Por Derik Báez Torres
El autor es abogado. Reside en Santo Domingo.
Hace apenas unos días, parecía una simple provocación más. Donald Trump, presidente de los Estados Unidos y eterno showman político, apareció en redes sociales vestido de papa —gracias a la magia de la inteligencia artificial—, declarando sin rodeos: “Yo quiero ser papa”. Aunque muchos lo tomaron como una broma, como un acto más de su largo historial de teatralidad política, hoy, viendo la elección de Robert Francis Prevost como el primer papa estadounidense en la historia de la Iglesia Católica, no puedo evitar preguntarme: ¿fue realmente una casualidad?
La política, sobre todo la geopolítica religiosa, rara vez se mueve sin símbolos, señales o indirectas. A lo largo de la historia, las grandes decisiones han estado precedidas por gestos ambiguos que solo cobran sentido con el tiempo. Durante la Guerra Fría, por ejemplo, los discursos eran cuidadosamente construidos para no decir lo que se quería decir, pero sí lo que debía entenderse. Las palabras eran disfraces. Las acciones, mensajes encriptados.

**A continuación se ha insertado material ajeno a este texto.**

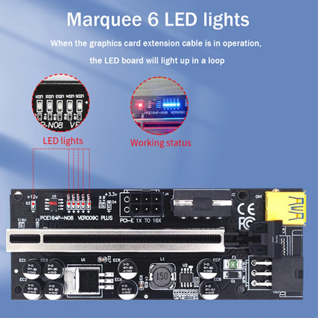 Этот расширитель PCI-E GPU отличается позолоченными контактами и имеет хорошую производительность, его можно использовать в течение длительного времени.Есть 4 конденсатора на этой плате PCI-E 1X to 16X, чтобы сделать блок питания стабильным и безопасным.Адаптер PCI-E GPU отличается стабильным сопротивлением и имеет 3 светодиодных индикатора для отображения рабочего состояния.Плата расширения графического процессора имеет интерфейс 6pin, вы можете легко подключить и интерфейс 6pin также может уменьшить нагрузку на материнскую плату.Плата переходника PCI-E имеет фиксированную пряжку, которая может зафиксировать графическую карту, поэтому карта не будет легко упасть.Технические характеристики:Длина кабеля: 60 см.Интерфейс: PCI-E, USB 3,0, 6pin, 4pin.Цвет кабеля USB: красный, белый, синий.Размер платы: 13х4, 4 см.Примечание:Из–за разных компьютерных разрешений может быть небольшое цветовое искажение.Возможны незначительные погрешности из-за различных измерений вручную.Посылка включает в себя:6Х USB-кабель.6X 1x до 16x Удлинительный кабель.6X плата PCIE riser.6X Адаптерная плата PCIE.

Trump, como personaje, entiende perfectamente ese juego. Su uso de la inteligencia artificial para verse como papa no solo fue un acto de ego, sino quizás una forma de instalar en la conversación global una idea: es hora de un papa americano. Y lo más sorprendente no es la audacia del gesto, sino que tan solo unos días después, se concreta esa posibilidad, no con él, claro, sino con un cardenal que, casualmente, también representa el “american dream”, con una hoja de vida que combina misión, liderazgo, política vaticana… y ciudadanía estadounidense.
Viendo la película Conclave hace unos días —la cual, por cierto, vi con un amigo amante del cine y del poder vaticano— quedé fascinado por cómo el filme retrata el delicado ajedrez detrás de la elección papal. Nada es dejado al azar. Las conversaciones entre cardenales, los silencios, los votos estratégicos: todo parece un eco de la realpolitik en sotana. Y es ahí donde me surge una idea inquietante: ¿y si Trump, con su parodia papal, no estaba simplemente jugando, sino presionando —a su manera— al electorado eclesiástico?
Los símbolos importan. Y aunque la Iglesia asegura que sus decisiones están guiadas únicamente por el Espíritu Santo, también es cierto que vive en el mismo mundo que nosotros. Uno donde las presiones mediáticas, políticas y culturales pesan, aunque no se admitan públicamente. Y en ese mundo, un acto viral, aunque burlesco, puede sembrar ideas que luego germinan en las votaciones secretas de la Capilla Sixtina.
León XIV, como ha decidido llamarse el nuevo pontífice, es un hombre de fe, inteligencia y vocación misionera. Pero su elección, como toda elección papal, también es política. Que no nos engañe la solemnidad del ritual. Y si Trump, con su ego descomunal, logró mover esa aguja aunque sea un poco… entonces, una vez más, habrá demostrado que es un actor influyente en el tablero global.